Frankly I think Guilty Gear is a bad example of this. That game, for the most part, is very well respected and the player base as a whole is pining for a sequel. And again, I am in no way against having access to fixing issues in game play via hot fixes or fixing broken aspects of characters. What I am against is using that system as a safety net for allowing poorly thought out implementation of character specific game play aspects. It is not the run infinite, or any of the other BS that was rampant in MK9 that bothers me, as much as it is the small things that DO homogenize the game play. For example, Baraka has issues, NRS response, add damage to most moves, decrease damage scaling for Baraka, (character specific universal value adjustments are BS btw) and increase the pop up on his low hitting launch chain so it can make combo ops and chain into itself. Boom, suddenly Baraka is not Baraka, but a slightly different version of Kang. That is my issue with this type of BS. It is not well thought out. Baraka players bitched, fixes came in, and nothing was technically fixed for Baraka as much as he was given hit stun, launch height increases to increase damage potential, but no thought was put into How Baraka is SUPPOSED to play. These are fast knee jerk reactions to appease a player base that still doesn’t understand the game.
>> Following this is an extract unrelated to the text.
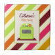 Um azulejo da cozinha que caracteriza uma ilustração de um fogão verde retro sobre um fundo de cor-de-rosa, de verde, de alaranjado, Borgonha, e listras da diagonal do ouro. Personalize com seu nome.
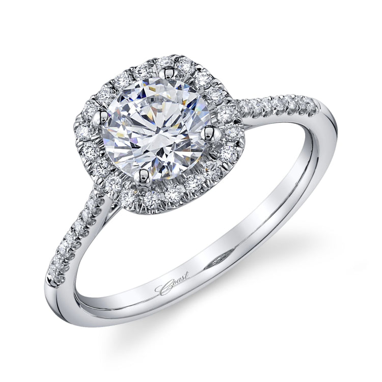 This beautiful engagement ring set with sparkling round diamonds shines from every angle. Bring the piece to life with the 1 ct center stone of your choice.

There is nothing of note to compare it to. (MvC3 for example still has a very large base to draw ideas, test cases, character style archetypes in the VS family) MK9 is a hodgepodge of what NRS thinks worked in MK2/MK3 with a chain system from DA/Armagedon, and some half baked stance switching concepts that, for the most part, are barely elaborated on, let alone fully understood by even the advanced player base.
Seriously, I don’t hate this game, and I don’t think that having hooks into the spreadsheets that can control variables associated to move sets as a safe guard against serious balance issues instituted. I have an issue with using that as a way to make constant adjustments without regard for the overall feel of the game play, or for the resourcefulness of your player base.
Then again, this could in-fact, be exactly the way NRS wants MK9 to play out. We play, find broken or slightly unsavory stuff, they fix it, and we, as a collective whole, build the overall competitive landscape of MK9 through micromanagement of our casual and tournament play. It is an interesting idea, and a very interesting social experiment, but I wouldn’t necessarily call it great design, and certainly not a preferable method of balancing for competitive play.
This is NRS’s first shot at this type of game balancing, and frankly, there is a library of SF/VS/KOF/GG/VF/Tekken games that use the tried and true method of designing systems from the ground up with the specific goal of balanced, competitive game play. If MK9 is all we have to show for this “western” fighting game balance theory, it is a pretty questionable and rocky start.